> _Recorded data_:
'''

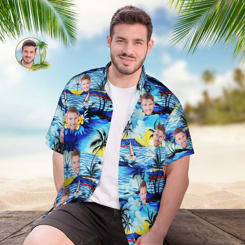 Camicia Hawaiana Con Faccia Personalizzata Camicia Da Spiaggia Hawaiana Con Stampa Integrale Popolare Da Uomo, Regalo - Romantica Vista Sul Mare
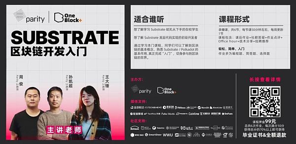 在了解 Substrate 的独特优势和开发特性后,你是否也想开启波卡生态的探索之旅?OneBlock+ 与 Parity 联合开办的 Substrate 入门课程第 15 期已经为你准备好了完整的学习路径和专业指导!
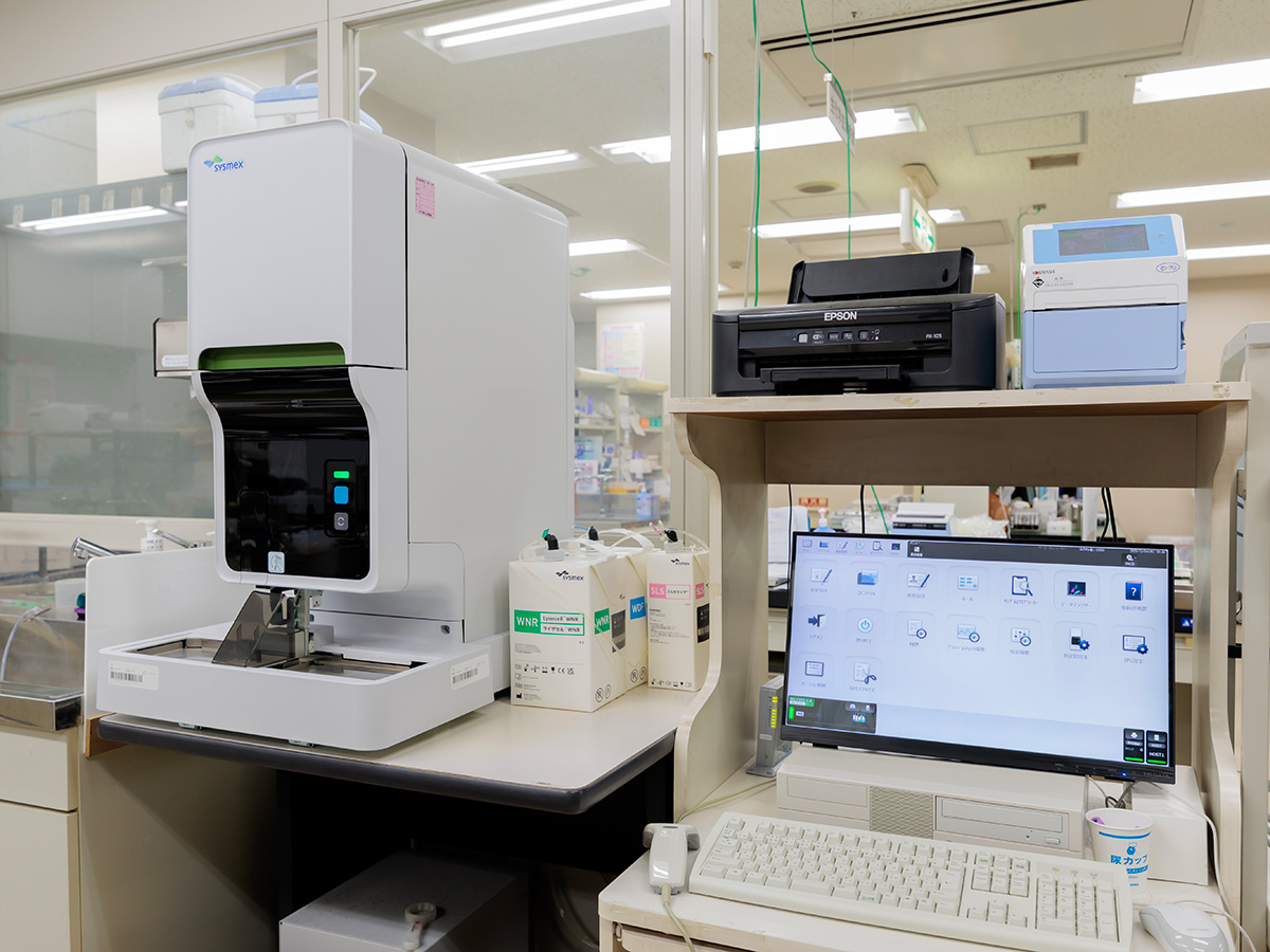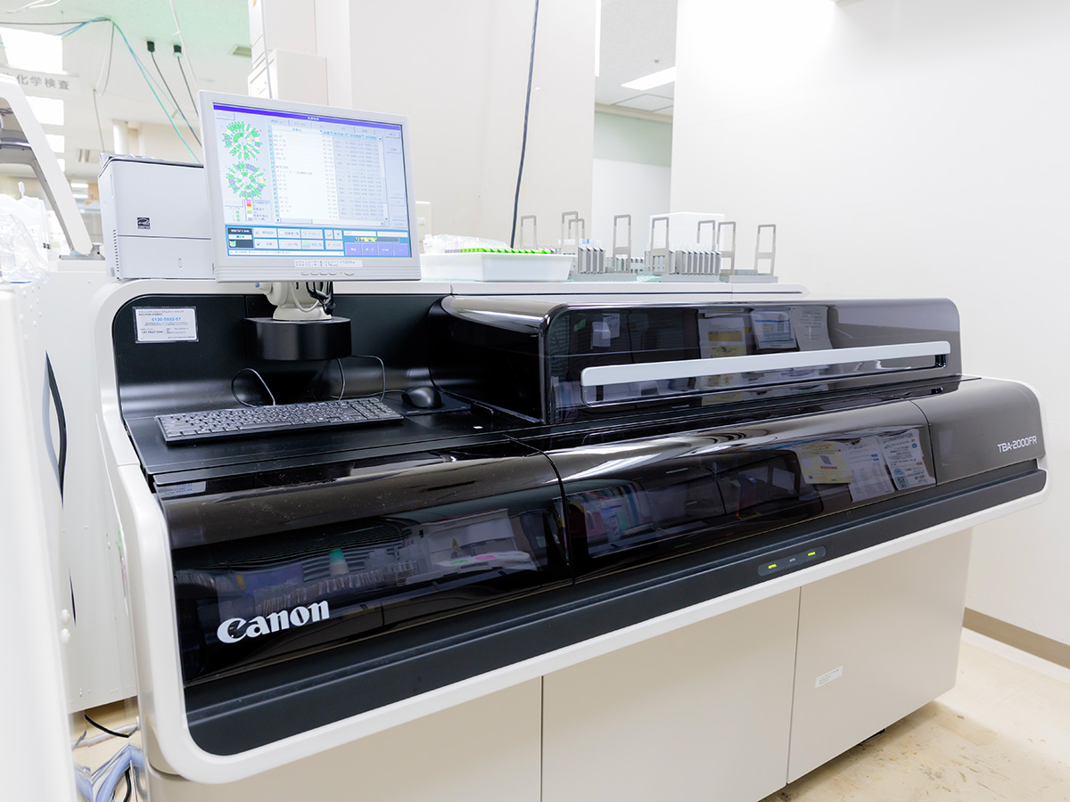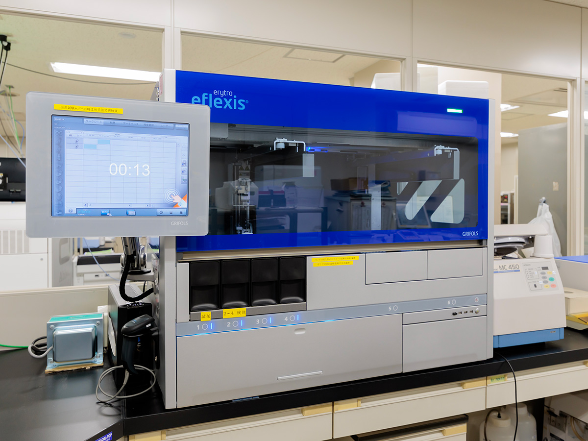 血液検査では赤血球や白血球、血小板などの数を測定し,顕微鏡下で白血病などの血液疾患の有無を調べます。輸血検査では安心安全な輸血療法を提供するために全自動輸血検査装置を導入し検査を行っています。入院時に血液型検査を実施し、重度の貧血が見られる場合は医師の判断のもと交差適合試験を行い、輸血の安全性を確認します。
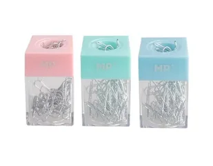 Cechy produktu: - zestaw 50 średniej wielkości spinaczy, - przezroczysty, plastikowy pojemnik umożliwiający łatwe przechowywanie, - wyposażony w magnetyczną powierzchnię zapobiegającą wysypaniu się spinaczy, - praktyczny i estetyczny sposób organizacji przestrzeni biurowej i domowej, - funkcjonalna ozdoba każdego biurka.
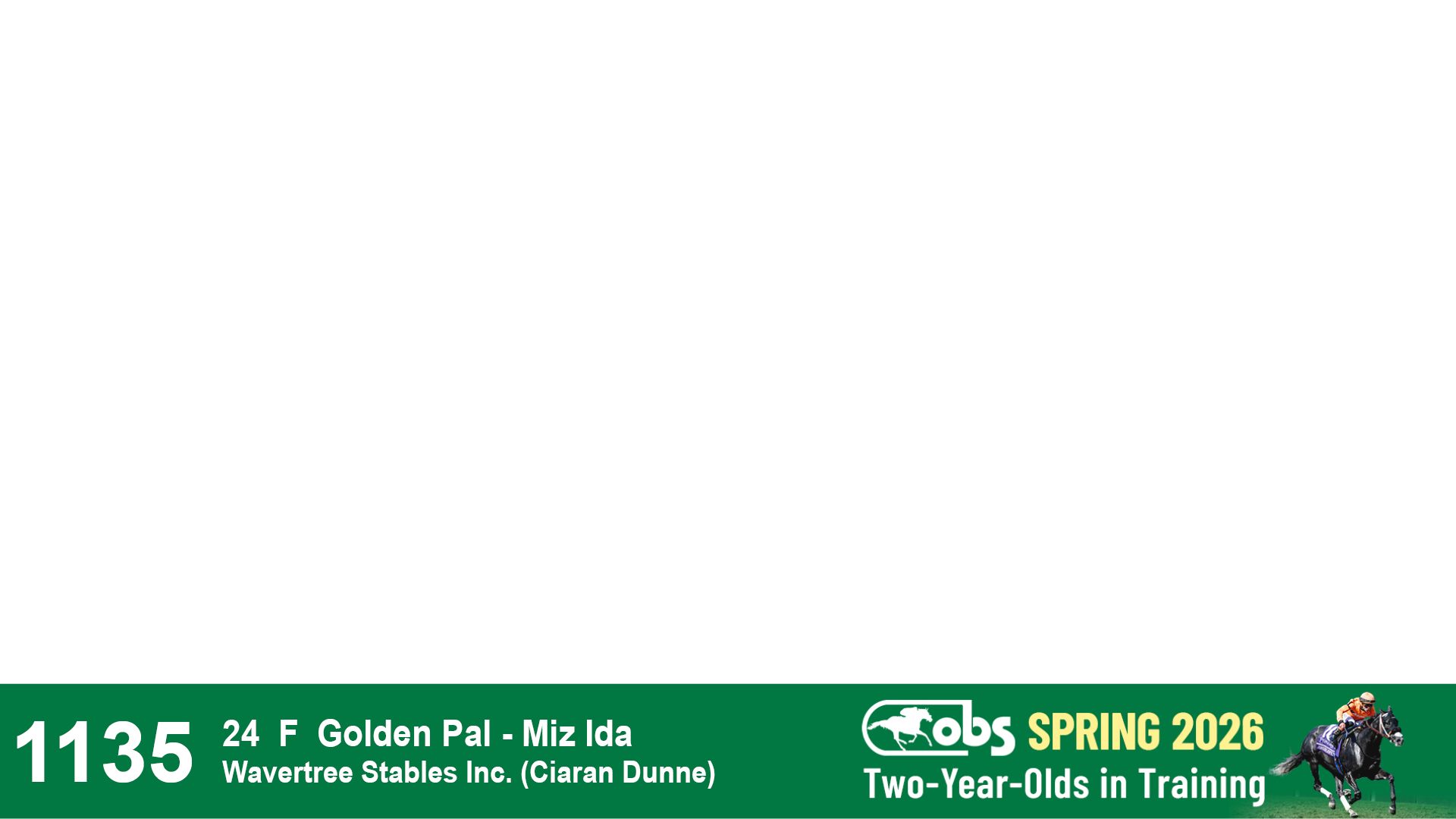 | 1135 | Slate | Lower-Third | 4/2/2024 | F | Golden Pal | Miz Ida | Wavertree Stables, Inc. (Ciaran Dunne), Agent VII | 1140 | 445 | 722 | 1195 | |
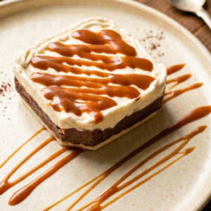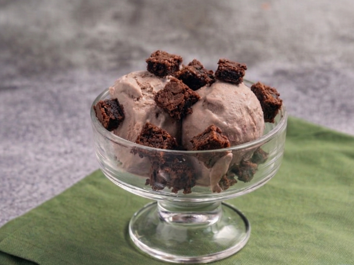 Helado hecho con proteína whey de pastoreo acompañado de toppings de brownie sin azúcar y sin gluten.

'''

> _Problem to work on_:
Before you finish, make sure every line above has been repeated exactly and no picture remains in the copy.

> _Output of the exercise_:
 Camicia Hawaiana Con Faccia Personalizzata Camicia Da Spiaggia Hawaiana Con Stampa Integrale Popolare Da Uomo, Regalo - Romantica Vista Sul Mare
 在了解 Substrate 的独特优势和开发特性后,你是否也想开启波卡生态的探索之旅?OneBlock+ 与 Parity 联合开办的 Substrate 入门课程第 15 期已经为你准备好了完整的学习路径和专业指导!
 血液検査では赤血球や白血球、血小板などの数を測定し,顕微鏡下で白血病などの血液疾患の有無を調べます。輸血検査では安心安全な輸血療法を提供するために全自動輸血検査装置を導入し検査を行っています。入院時に血液型検査を実施し、重度の貧血が見られる場合は医師の判断のもと交差適合試験を行い、輸血の安全性を確認します。
 Cechy produktu: - zestaw 50 średniej wielkości spinaczy, - przezroczysty, plastikowy pojemnik umożliwiający łatwe przechowywanie, - wyposażony w magnetyczną powierzchnię zapobiegającą wysypaniu się spinaczy, - praktyczny i estetyczny sposób organizacji przestrzeni biurowej i domowej, - funkcjonalna ozdoba każdego biurka.
 | 1135 | Slate | Lower-Third | 4/2/2024 | F | Golden Pal | Miz Ida | Wavertree Stables, Inc. (Ciaran Dunne), Agent VII | 1140 | 445 | 722 | 1195 | |
 Helado hecho con proteína whey de pastoreo acompañado de toppings de brownie sin azúcar y sin gluten.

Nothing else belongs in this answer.